AI is transforming HR and recruitment, but legal, ethical, and operational risks remain significant, says Steph Marsh

ARTIFICIAL intelligence is rapidly reshaping recruitment and HR processes, with research indicating that a third of UK companies expect productivity gains from its adoption. However, this technological transformation brings substantial operational, ethical and legal risks that many businesses in the flooring industry remain unprepared to manage effectively.

Having to sift through numerous applications while simultaneously managing active installations across multiple sites, it is easy to see the appeal of involving AI in this process to screen CVs, match candidates to specifications, coordinate interview schedules and generate applicant assessments.

Some organisations have begun deploying AI screening technology to conduct initial candidate interviews virtually, with chatbots handling preliminary assessment stages without human involvement. Once employees are on board, AI systems can track performance metrics, monitor site attendance and even evaluate productivity patterns.

In practice, however, poorly managed AI systems create significant legal exposure that could prove costly for businesses operating on tight commercial margins.

The discrimination dilemma
Algorithms developed using biased training data risk perpetuating or amplifying discriminatory selection decisions, presenting particular challenges for flooring contractors seeking to build diverse teams and comply with modern equality standards.
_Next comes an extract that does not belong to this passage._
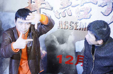 馮小剛導(dǎo)演的《集結(jié)號(hào)》將在一個(gè)月后于內(nèi)地公映。昨天下午,在上海杜莎夫人蠟像館,“集結(jié)號(hào)”主題蠟像館揭幕儀式隆重舉行。一周內(nèi)幾次三番參加宣傳活動(dòng),馮小剛的臉色比他的蠟像還糟糕,但為了自己的首部戰(zhàn)爭(zhēng)片,為了華誼兄弟副總王中磊喊出的“兩個(gè)億”的“心理票房”,馮小剛還是相當(dāng)配合地與主演張涵予、鄧超又一次站到聚光燈下。

Amazon’s abandoned AI recruitment platform was trained predominantly on male applicant data and went on to systematically disadvantage female candidates. This demonstrates how automated systems can entrench and magnify workforce inequalities rather than remedy them.

The Equality Act 2010 establishes that employers must prevent recruitment processes from producing discriminatory results, whether through direct or indirect discrimination.

Automated tools that disadvantage protected groups, encompassing characteristics including sex, race, age, disability and religion, may trigger employment tribunal claims. Crucially, legal accountability rests entirely with the employing contractor, not the technology supplier providing the AI platform.

Data protection requirements
The General Data Protection Regulation (GDPR) and Data Protection Act 2018 establish specific legal requirements for employers deploying AI technologies. GDPR explicitly safeguards data subjects, job applicants, and existing employees from consequential decisions that rest solely upon automated processing.

Companies cannot depend exclusively on AI for recruitment decisions, performance evaluations, disciplinary actions or termination determinations; there must be practical human involvement.

Data security presents additional serious concerns requiring careful consideration. Flooring businesses must recognise the risks surrounding commercially sensitive information, including project specifications, client databases, pricing strategies, supplier relationships, and employee records, which could be unintentionally exposed through public AI systems.

For contractors operating in competitive tender environments where commercial confidentiality is paramount, such data breaches could prove catastrophic, potentially compromising competitive advantage and damaging hard-won client relationships built over years of reliable project delivery.

Essential safeguards
Businesses integrating AI technology into recruitment and HR operations should establish comprehensive written policies governing both organisational accountability and staff conduct regarding AI usage. These policies need not be overly complex, but they must be clear, accessible and consistently enforced.

Such policies must identify authorised tools and acceptable applications, alongside expressly prohibited activities, particularly uploading confidential client information, project specifications, pricing data or employee records to public AI platforms.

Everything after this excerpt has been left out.